I mentioned last week that I participated in the UConn Library's spring forum “Mandatory open access: friend or foe.” There will be videos of the whole two-hour event posted,1 and I'll provide a link here as soon as they're available.2 In the meantime, I've posted the PowerPoint slides I used with my presentation.
I had three main conclusions:
- Open access is an undeniable public good. (see Ingrid Robeyns on Crooked Timber for a discussion of how open access is particularly valuable to scholars in lesser developed countries and at smaller academic institutions everywhere)
- Publishing journals costs money, and only about 30% of the cost is accounted for by printing and distribution. Roughly 70% of the costs will remain, even with pure electronic distribution.3
- The challenge is to find an economic model that provides publishers with resources sufficient to keep publishing while providing the broadest possible access to published scholarly material.

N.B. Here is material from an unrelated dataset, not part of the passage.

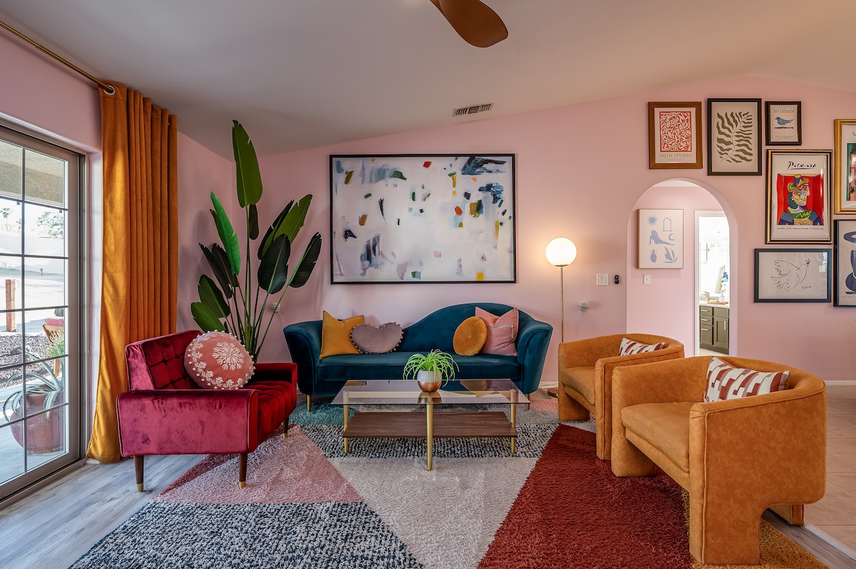 Welcome to Sunset Sage ~ an inspired desert retreat personally designed, built, and styled by a true artist. Every detail, from the layout to the artwork, reflects a labor of love and creative vision. Soak under the stars in the hot tub, cozy up by the fire pit, or curl up with a book in a hammock. Whether you're stargazing with friends or enjoying quiet moments alone, Sunset Sage was made to inspire. Play a round of pool, sip something cold in the sun, and create lasting desert memories.
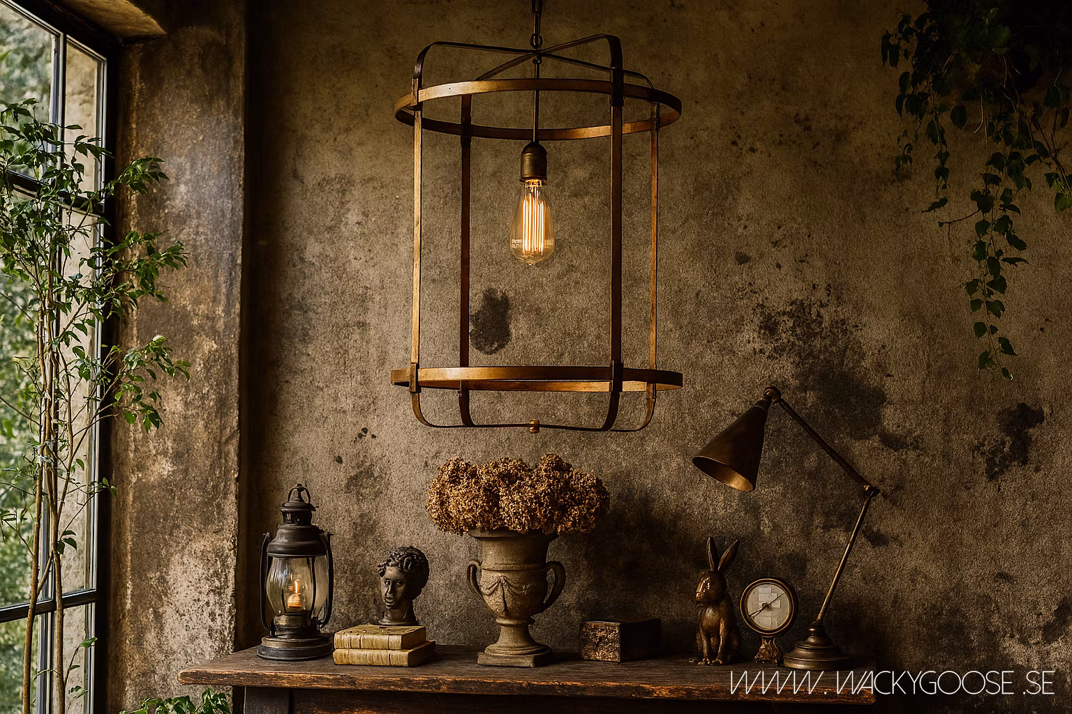Elegant lampstomme i mässingfärgad järn - en perfekt bas för att skapa din egen unika lampa. Den öppna konstruktionen ger ett luftigt och industriellt uttryck, samtidigt som färgtonen i mässing tillför värme och karaktär.

Open access is a friend who deserves our help and support.
1I am not looking forward to seeing myself on video. I don't like the way I look in photoes, and I don't like the way I sound on tape. Put the two together, and I'm sure I'll be awful. But I'll provide the link anyway.
2I understand that we aren't able to stream videos yet. So what you'll find are several video files (I don't know what format) that you'll have to download first and watch after they've downloaded.
3It costs a surprisingly large amount of money to review papers, copy edit them, convert them to standard XML, and convert the XML to a human-readable form (HTML or PDF). It costs even more to provide sites with good indexing, cross references to other journals, DOIs, and the rest of the stuff we take for granted. The 70% is not going to high salaries for academic editors and reviewers.